EXERCISE OBJECTIVE -> In the material below, please retype the lines from the very first through the one with "Dámský župan 2419", exactly and without pictures.

DATASET EXCERPT ->
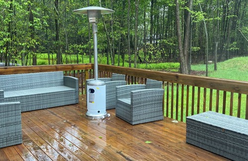 Discover the beauty of Big Bass Lake from this 4-bedroom house. Each bedroom features a queen bed, ensuring a comfortable stay for all guests. With 3 bathrooms equipped with both showers and bathtubs, convenience is key. The additional living room space with a futon provides a brilliant spot for relaxation. We look forward to hosting you at our place.
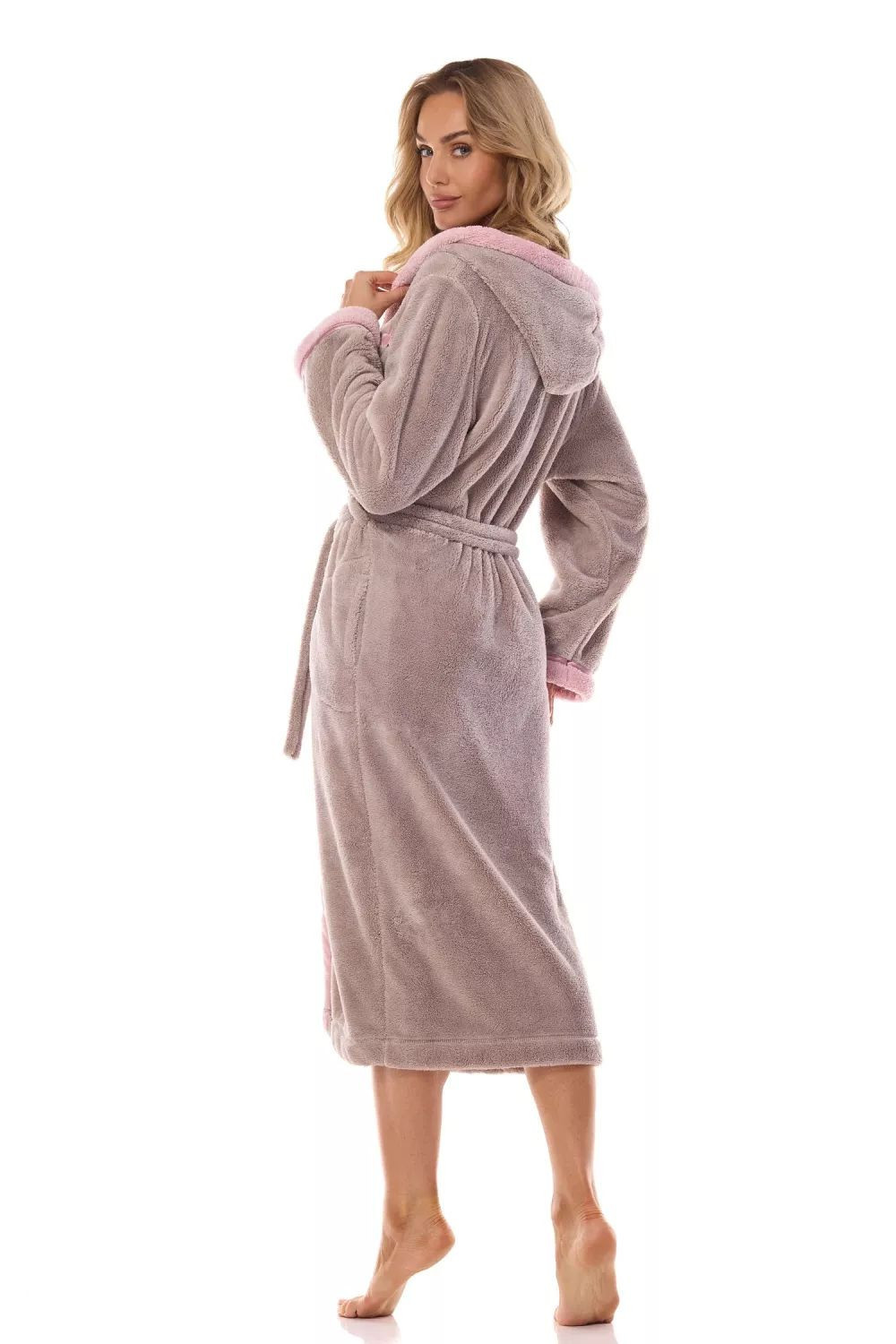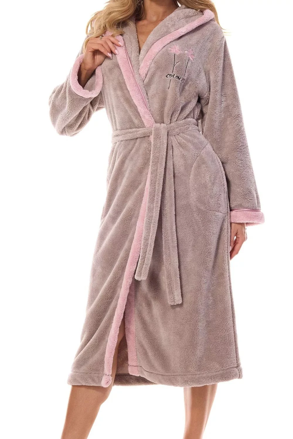 Dámský župan 2419 Tess opal L&L - béžová barva - z měkkého materiálu typu soft - na prsou ozdobná výšivka - kapsy a v pase vázání na pásek - kontrastní lemování - s kapucí - dlouhý
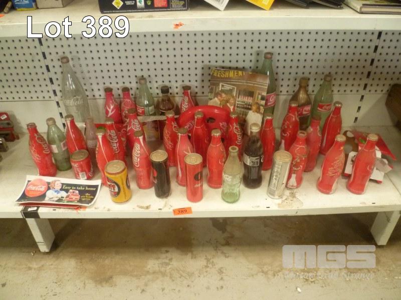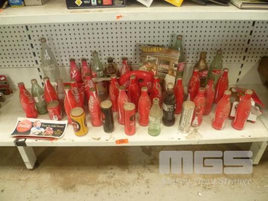 COCA COLA MEMORABILIA, INCL CANS, BOTTLES, ETC.
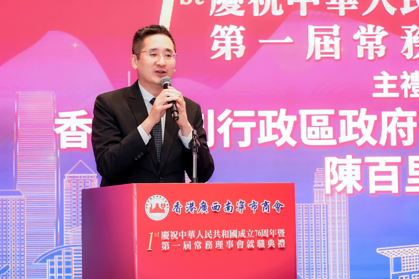 陳百里副局長致辭時肯定了商會成立對桂港兩地經貿發展的促進作用,並表示南寧市是中國與東盟的重要交通樞紐及出海通道,憑藉中國-東盟博覽會的戰略窗口角色成為區域合作關鍵節點。他強調,香港應善用國際網絡及專業服務優勢,協助內地企業「走出去」,將國際企業「引進來」,深化企業協作,共同推動桂港經貿深層次發展。

TASK RESPONSE ->
 Discover the beauty of Big Bass Lake from this 4-bedroom house. Each bedroom features a queen bed, ensuring a comfortable stay for all guests. With 3 bathrooms equipped with both showers and bathtubs, convenience is key. The additional living room space with a futon provides a brilliant spot for relaxation. We look forward to hosting you at our place.
 Dámský župan 2419 Tess opal L&L - béžová barva - z měkkého materiálu typu soft - na prsou ozdobná výšivka - kapsy a v pase vázání na pásek - kontrastní lemování - s kapucí - dlouhý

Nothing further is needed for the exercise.